# NEW GERMAN SUPERCAV TORPEDO-800km/h, faster than the Shkval



## Blue Max (20 Sep 2005)

This new German torpedo, the Barracuda is supposedly faster Shkval, maneuverable and accurate unlike the Shkval and consequently is claimed to be able to intercept the Shkval and other torpedo.

_NEWS FLASH - June 1st 2005- NEW GERMAN SUPERCAV TORPEDO! 

http://www.deepangel.com/html/the_squall.html

German companies have developed a highly advanced new supercavitating torpedo known as the 'Barracuda'. 

Built by Diehl BGT Defence, and Altas Elektronik the previously top secret Barracuda travels at over 800km/h, faster than the Shkval, and is fully guided, capable of twisting and turning in on its target at high speed! 

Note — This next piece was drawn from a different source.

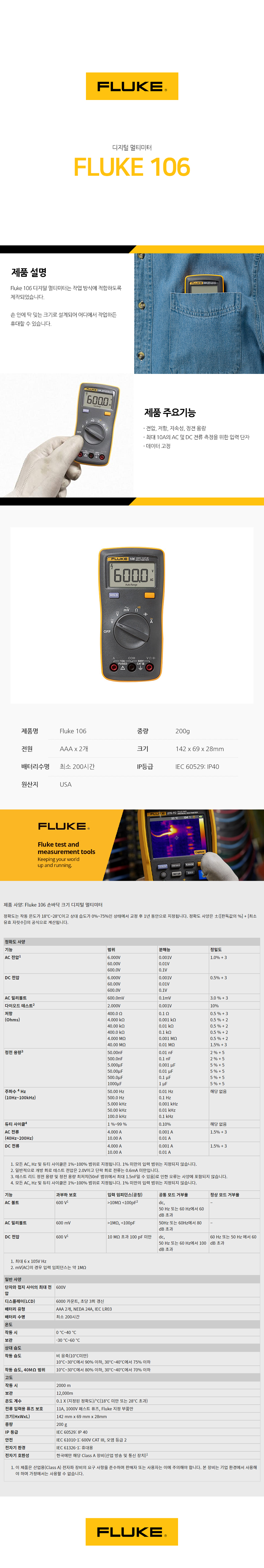 플루크 디지털 멀티미터 Fluke 106/플루크 디지털 멀티미터 Fluke 106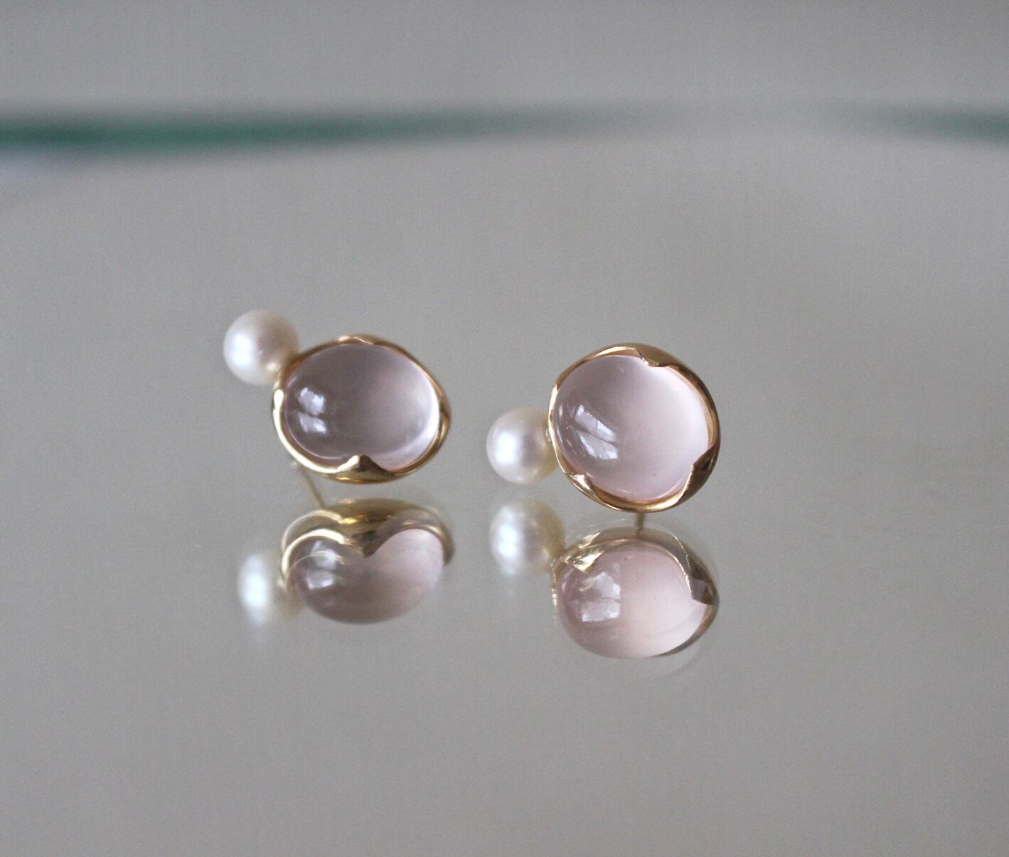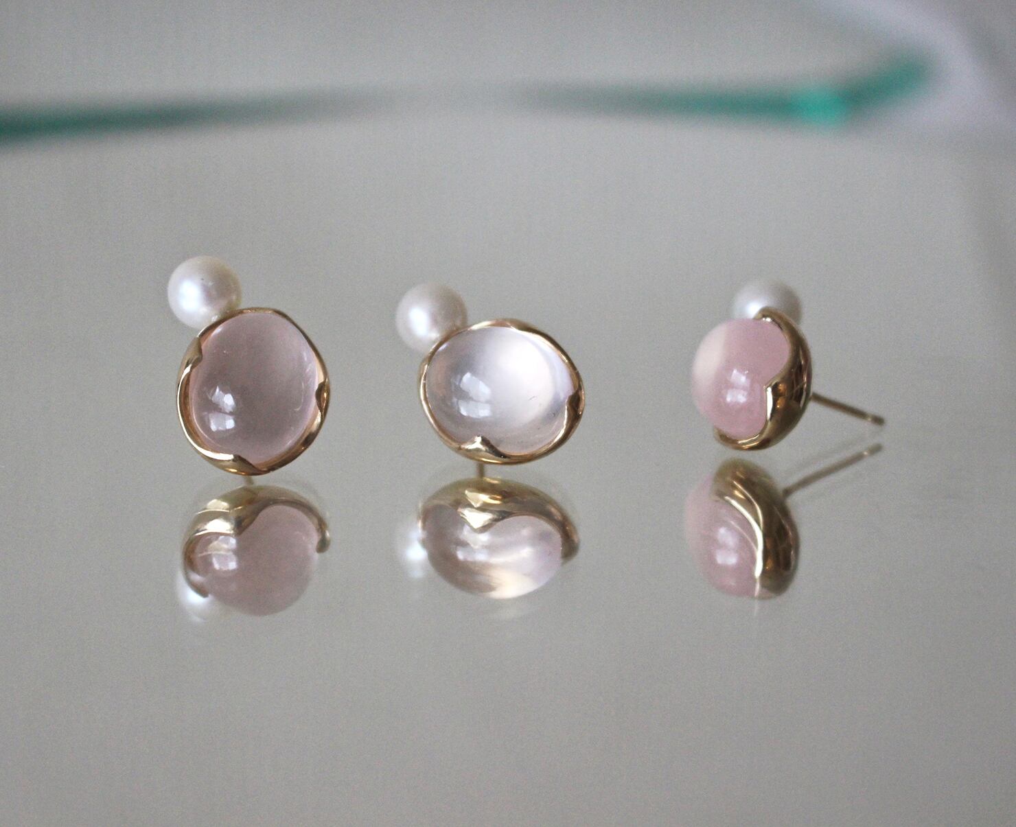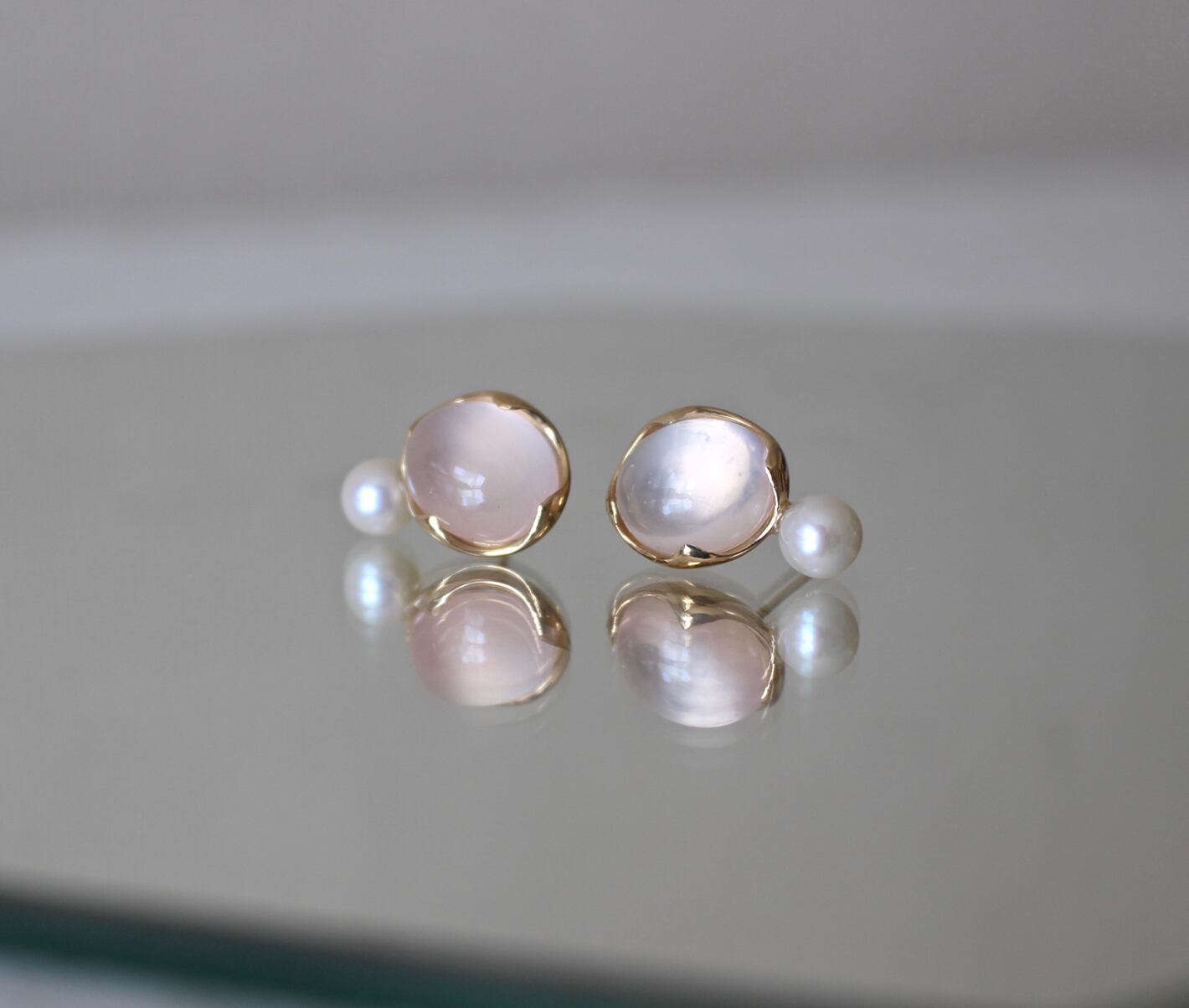 "AYA"studs Rose quartz and pearl earrings vermeil

Recently unveiled in May at IMDEX 2005 in Singapore the Barracuda has already undergone a whole range of successful tests. The designers of the prototype Barracuda boast that its capabilities are unmatched, claiming the design is 10 years ahead of American research. It is claimed the Barracuda is maneuverable enough even to home in on, and knock out an incoming Shkval!

You can read a full article about supercavitation, that includes a write up and pictures of the Barracuda, as well as pictures from the world of Deep Angel in the launch issue of 'Wunderwelt Wissen' magazine.

The PDF's of the article may be downloaded from the ProSieben TV site by clicking here.
   
A different render of the Barracuda and accompanying article is available from the same site by clicking here.
   
An article from German journal Europaeische Sicherheitit that includes another different render of the Barracuda in action is available by clicking here for the article, or here for the render. 
As Robert Kulinsky of American Naval Undersea Warfare Center (NUWC) states in the article - we stand today where once aircraft designers stood after the first flight of the Wright Brothers... at the forefront of a oncoming revolution.

The Shkval (Squall) is the revolutionary new breed of torpedo in use by Russian Naval forces.

The Shkval is the first use of supercavitational technology in modern weapons and represents perhaps the largest leap forward in underwater warfare since the invention of the submarine itself.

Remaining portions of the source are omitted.